> **Task statement**
If a record holds a picture, leave the picture out, but write out everything else exactly.

> **Records shown**
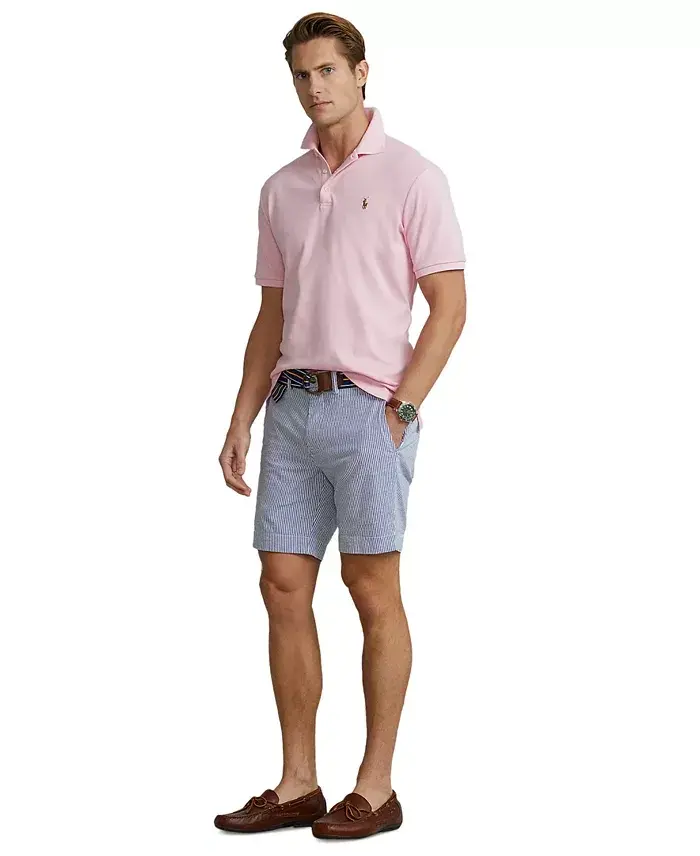 Ralph Lauren debuted his original Polo shirt in 1972, and today the iconic design is offered in a wide array of colors and fits. This short-sleeve version is made from breathable cotton mesh and cut for a roomy silhouette. What's more, the tennis tail helps keep the shirt in place when tucked in, and a signature embroidered pony gives it a classic touch. Approx. model height is 6'1 and he is wearing a size medium Size medium has a 28½" front body length and a 29½" back body length. Classic fit: the roomiest silhouette. Polo Ralph Lauren's Polo shirts also come in custom slim-fit (the trimmest). Ribbed Polo collar with two-button placket. Short sleeves with ribbed armbands Tennis tail: uneven hem that helps to keep the shirt in place when tucked in. Ralph Lauren's signature embroidered pony accents the left chest; color may vary A timeless gift for your next occasion. All cotton Machine washable Imported
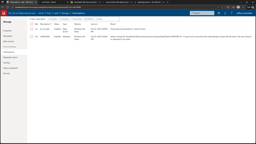 I just reset my windows password and then copied that value to configure my file share account on the report server configuration app. I also ensured that the user does have access to the folder I am trying to write. How am I supposed to troubleshoot this issue, when the only message I get is invalid user/password?
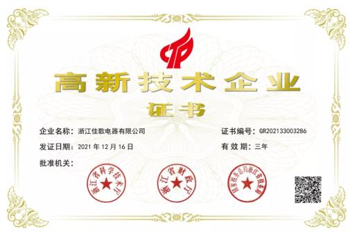 以榮獲《高新技術企業》證書為起點,佳歌集成灶正式邁入高新技術企業發展新階段,佳歌自主研發創新的步伐將加速向前!
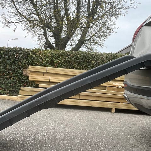 Rejäl hundramp, Dogman, som under användning klarar upp till 90kg. Med ordentlig antislip-yta så hunden kan gå tryggt utan att halka. Enkel att använda och fälla ihop. När rampen är i hopfälld blir den 80x40x19cm, utfälld längd 156cm.
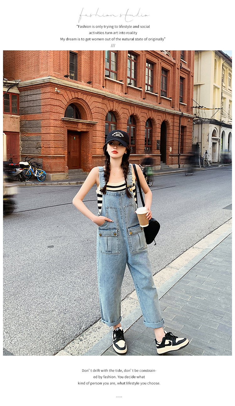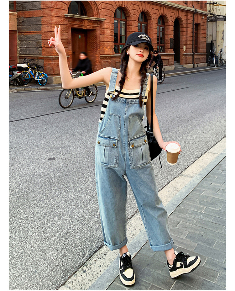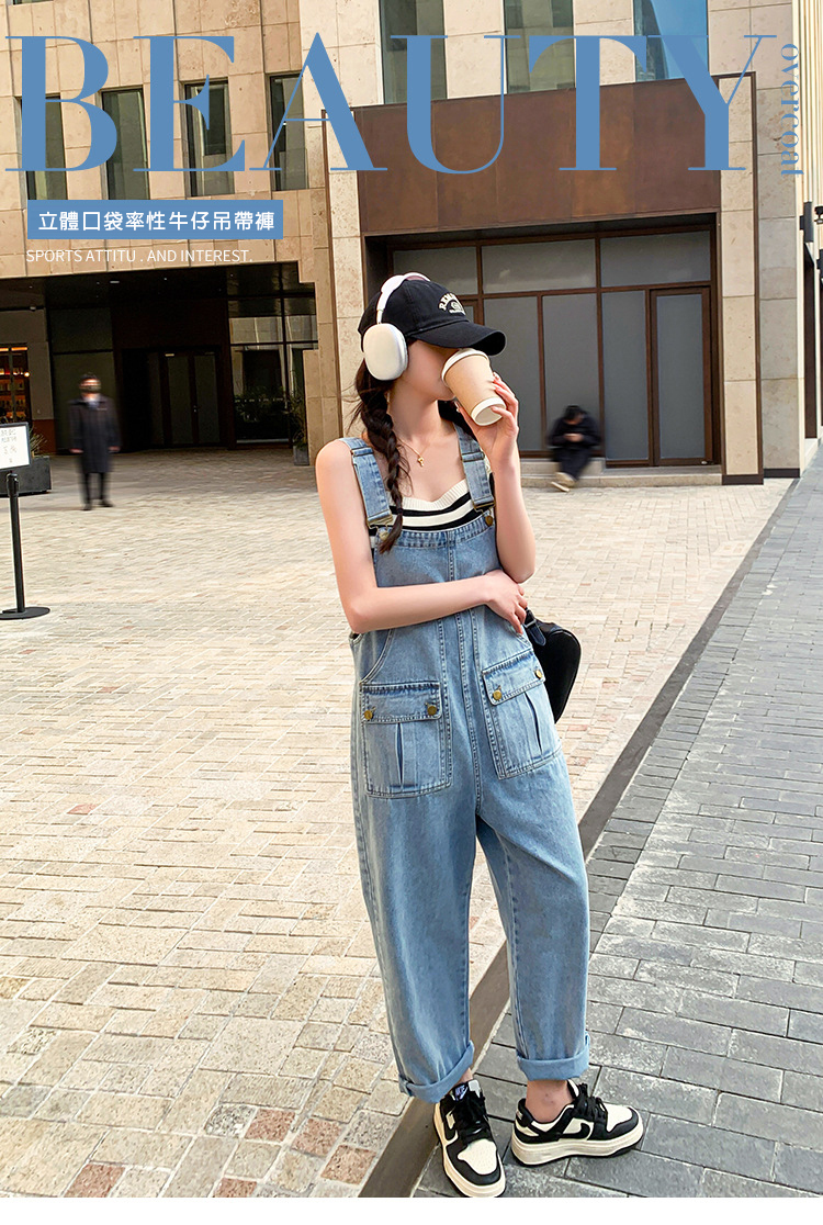 獨家訂製│韓系甜酷風立體大口袋造型吊帶褲(05H6349)

> **Exercise solution**
 Ralph Lauren debuted his original Polo shirt in 1972, and today the iconic design is offered in a wide array of colors and fits. This short-sleeve version is made from breathable cotton mesh and cut for a roomy silhouette. What's more, the tennis tail helps keep the shirt in place when tucked in, and a signature embroidered pony gives it a classic touch. Approx. model height is 6'1 and he is wearing a size medium Size medium has a 28½" front body length and a 29½" back body length. Classic fit: the roomiest silhouette. Polo Ralph Lauren's Polo shirts also come in custom slim-fit (the trimmest). Ribbed Polo collar with two-button placket. Short sleeves with ribbed armbands Tennis tail: uneven hem that helps to keep the shirt in place when tucked in. Ralph Lauren's signature embroidered pony accents the left chest; color may vary A timeless gift for your next occasion. All cotton Machine washable Imported
 I just reset my windows password and then copied that value to configure my file share account on the report server configuration app. I also ensured that the user does have access to the folder I am trying to write. How am I supposed to troubleshoot this issue, when the only message I get is invalid user/password?
 以榮獲《高新技術企業》證書為起點,佳歌集成灶正式邁入高新技術企業發展新階段,佳歌自主研發創新的步伐將加速向前!
 Rejäl hundramp, Dogman, som under användning klarar upp till 90kg. Med ordentlig antislip-yta så hunden kan gå tryggt utan att halka. Enkel att använda och fälla ihop. När rampen är i hopfälld blir den 80x40x19cm, utfälld längd 156cm.
 獨家訂製│韓系甜酷風立體大口袋造型吊帶褲(05H6349)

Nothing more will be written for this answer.